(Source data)
━━━━━━━━━━━━━━━━━━━━━━━━━━━━━━
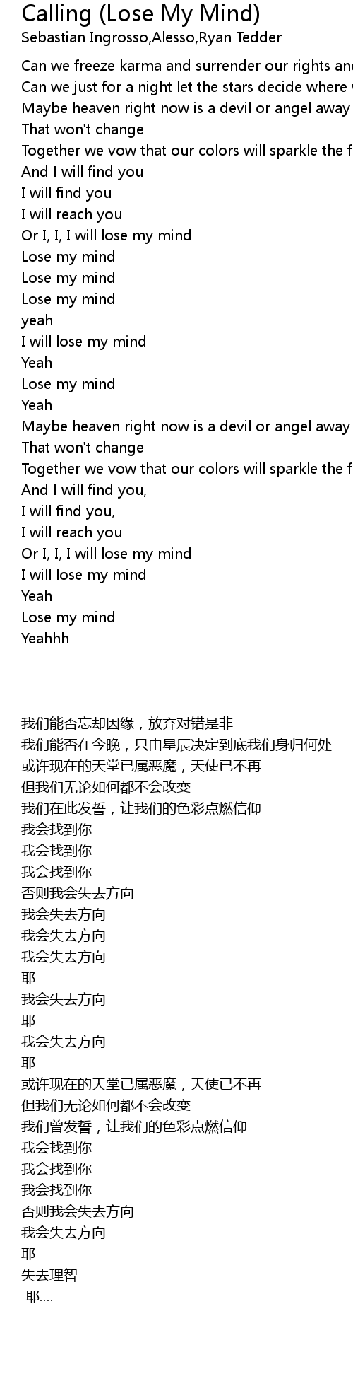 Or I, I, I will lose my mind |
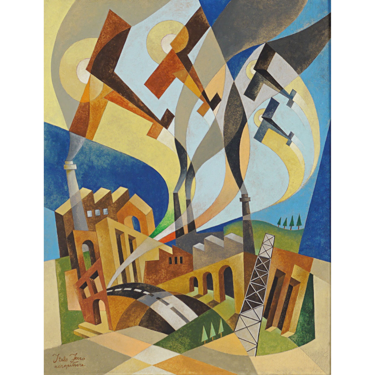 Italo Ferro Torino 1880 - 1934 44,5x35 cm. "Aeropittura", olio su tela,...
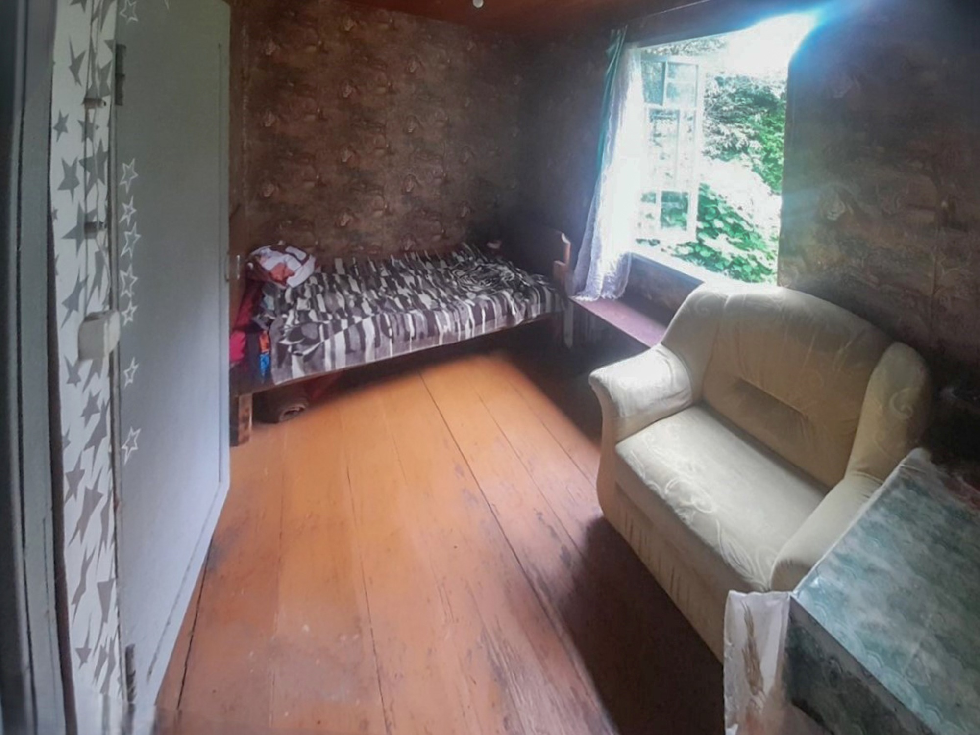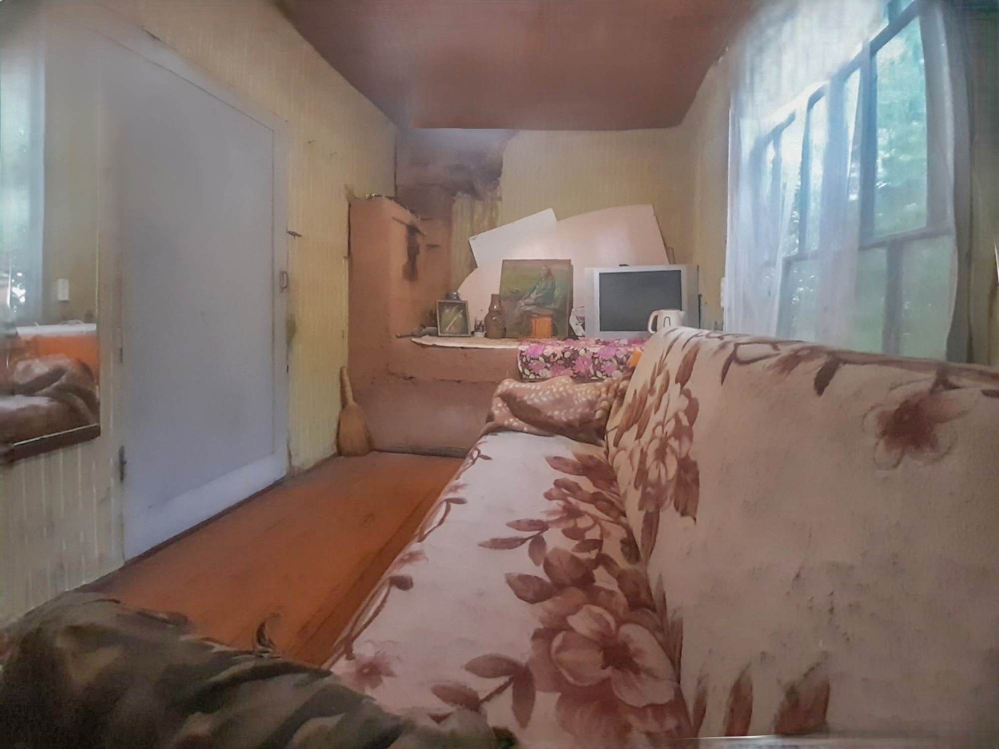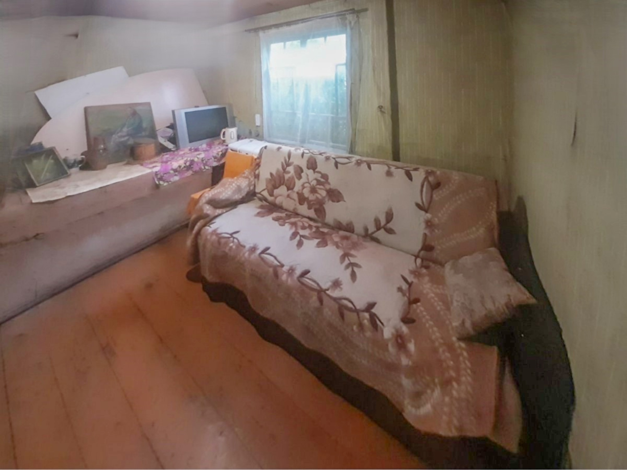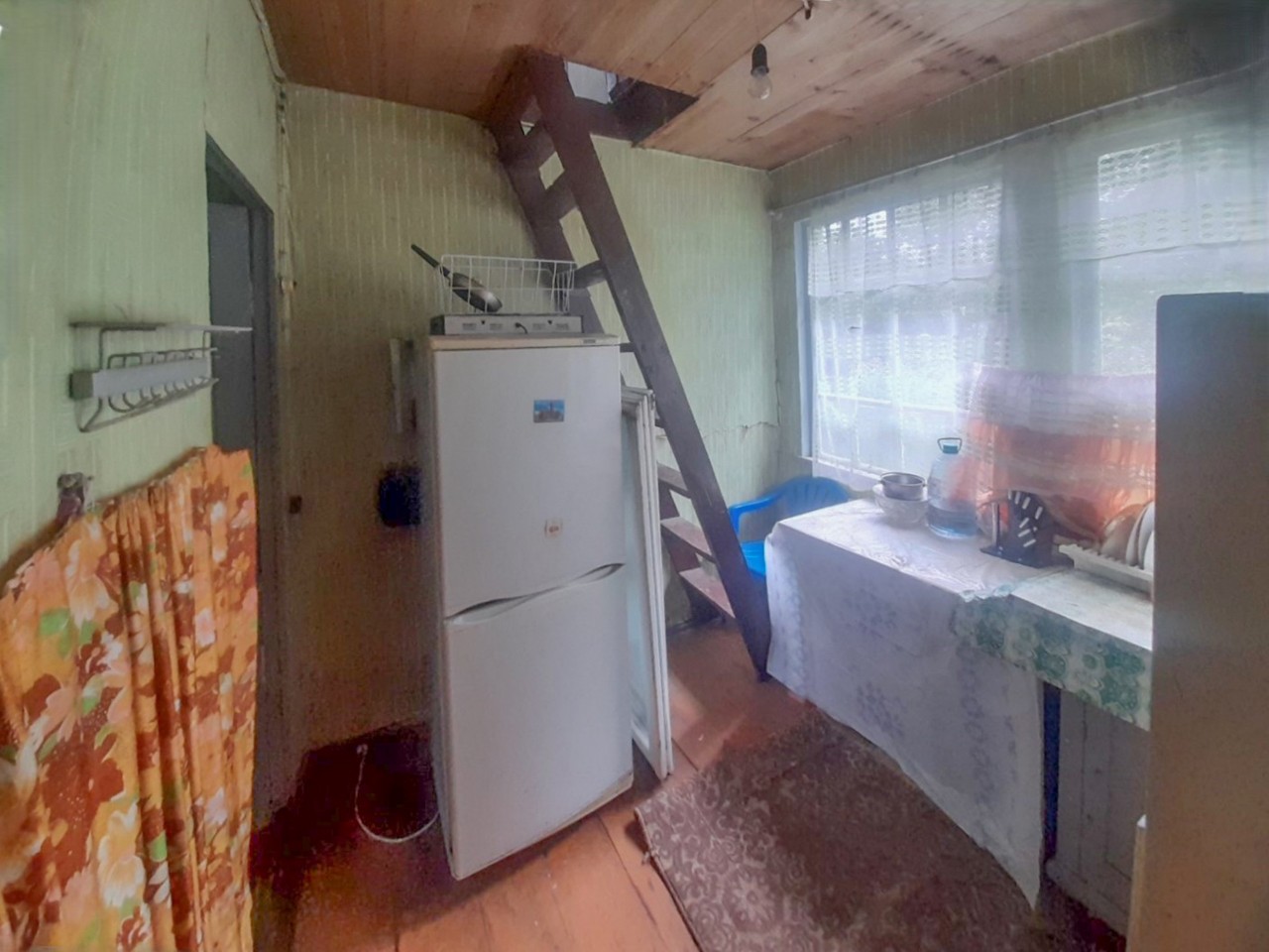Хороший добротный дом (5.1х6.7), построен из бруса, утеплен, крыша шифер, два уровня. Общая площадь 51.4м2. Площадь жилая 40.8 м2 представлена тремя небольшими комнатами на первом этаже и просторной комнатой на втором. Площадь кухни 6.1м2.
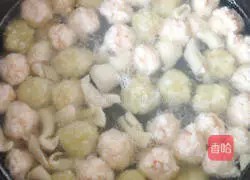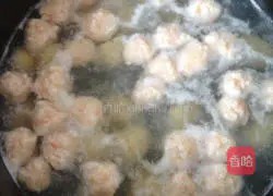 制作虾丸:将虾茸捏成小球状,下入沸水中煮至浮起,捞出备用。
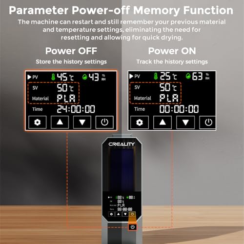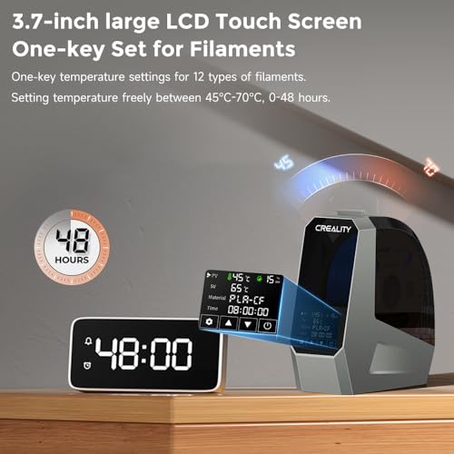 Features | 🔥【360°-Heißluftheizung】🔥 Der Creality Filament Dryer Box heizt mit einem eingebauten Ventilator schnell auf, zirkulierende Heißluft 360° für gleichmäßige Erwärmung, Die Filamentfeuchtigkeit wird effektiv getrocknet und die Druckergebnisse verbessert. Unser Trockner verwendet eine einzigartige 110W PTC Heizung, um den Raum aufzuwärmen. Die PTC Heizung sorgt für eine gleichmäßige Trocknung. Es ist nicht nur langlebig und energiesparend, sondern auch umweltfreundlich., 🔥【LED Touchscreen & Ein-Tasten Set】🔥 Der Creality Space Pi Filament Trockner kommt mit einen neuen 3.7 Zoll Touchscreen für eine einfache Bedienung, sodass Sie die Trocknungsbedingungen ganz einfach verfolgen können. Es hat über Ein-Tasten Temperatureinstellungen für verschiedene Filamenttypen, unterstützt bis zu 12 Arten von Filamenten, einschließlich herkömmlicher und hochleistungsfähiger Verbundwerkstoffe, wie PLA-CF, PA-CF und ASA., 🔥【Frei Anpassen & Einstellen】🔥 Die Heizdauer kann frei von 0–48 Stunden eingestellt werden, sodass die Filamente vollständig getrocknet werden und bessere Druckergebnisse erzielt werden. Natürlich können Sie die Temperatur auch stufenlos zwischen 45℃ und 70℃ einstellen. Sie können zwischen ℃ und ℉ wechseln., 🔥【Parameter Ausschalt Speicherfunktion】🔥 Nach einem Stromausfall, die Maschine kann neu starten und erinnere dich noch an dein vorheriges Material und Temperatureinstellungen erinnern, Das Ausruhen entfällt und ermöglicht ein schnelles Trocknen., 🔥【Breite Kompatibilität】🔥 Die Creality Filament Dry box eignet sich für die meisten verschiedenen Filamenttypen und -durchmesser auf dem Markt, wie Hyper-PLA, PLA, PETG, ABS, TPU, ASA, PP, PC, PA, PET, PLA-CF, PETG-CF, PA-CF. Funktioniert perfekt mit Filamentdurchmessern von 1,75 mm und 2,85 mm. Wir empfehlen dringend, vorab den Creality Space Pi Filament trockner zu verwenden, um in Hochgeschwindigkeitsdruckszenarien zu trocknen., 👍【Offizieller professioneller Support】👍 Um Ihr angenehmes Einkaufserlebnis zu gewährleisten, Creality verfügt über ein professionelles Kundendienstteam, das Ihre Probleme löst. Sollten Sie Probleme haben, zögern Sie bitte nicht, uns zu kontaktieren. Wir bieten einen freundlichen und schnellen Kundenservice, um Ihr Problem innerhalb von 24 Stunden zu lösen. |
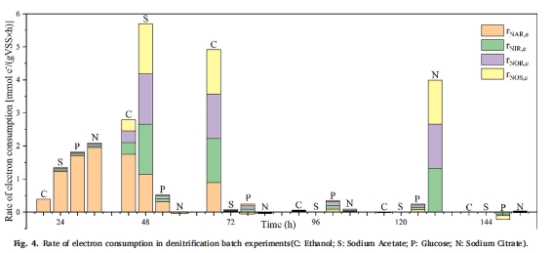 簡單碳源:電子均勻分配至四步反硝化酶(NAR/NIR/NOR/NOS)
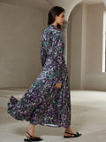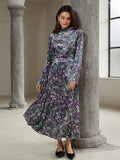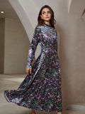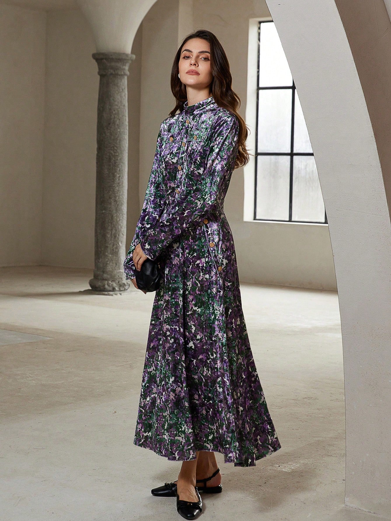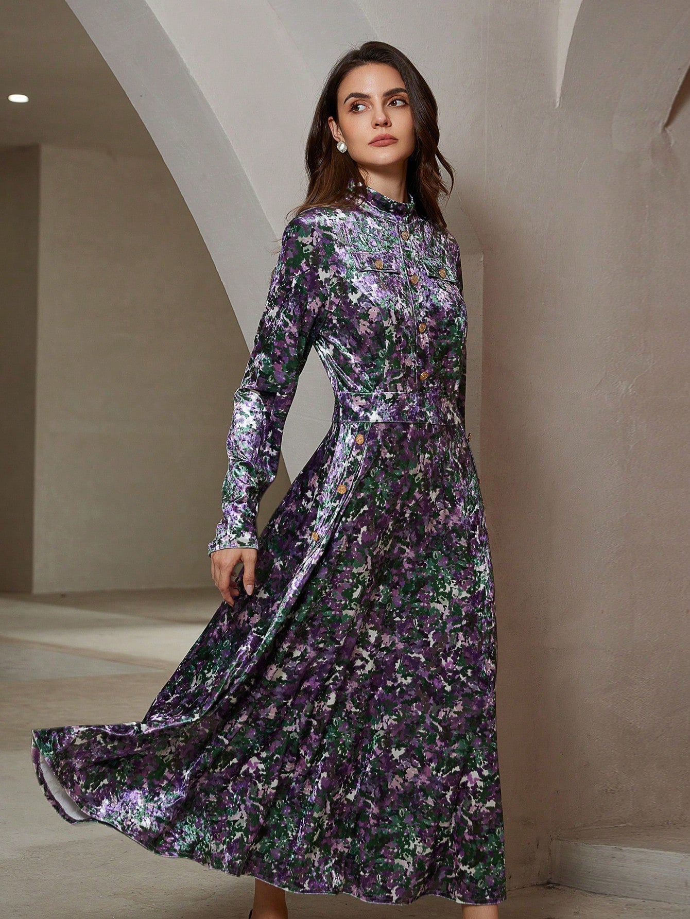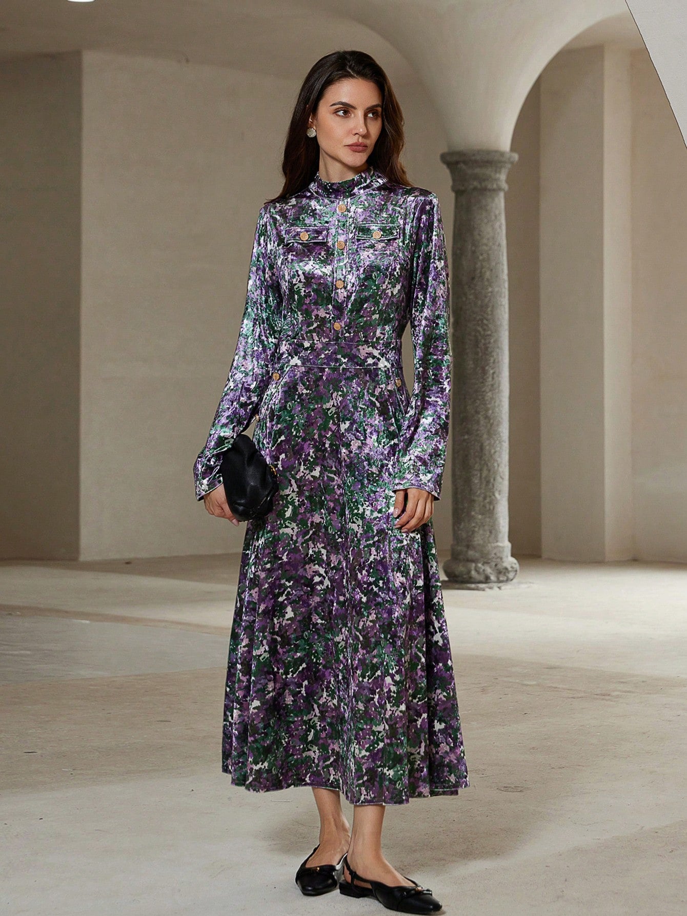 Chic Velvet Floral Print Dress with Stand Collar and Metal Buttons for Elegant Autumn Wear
━━━━━━━━━━━━━━━━━━━━━━━━━━━━━━
» Assignment: Above are the records; return the lines in them from the one with "Хороший добротный дом" to the one with "制作虾丸:将虾茸捏成小球状,下入沸水中煮至浮起,捞出备用。", inclusive, exactly and without images.

» Response to this exercise:
Хороший добротный дом (5.1х6.7), построен из бруса, утеплен, крыша шифер, два уровня. Общая площадь 51.4м2. Площадь жилая 40.8 м2 представлена тремя небольшими комнатами на первом этаже и просторной комнатой на втором. Площадь кухни 6.1м2.
 制作虾丸:将虾茸捏成小球状,下入沸水中煮至浮起,捞出备用。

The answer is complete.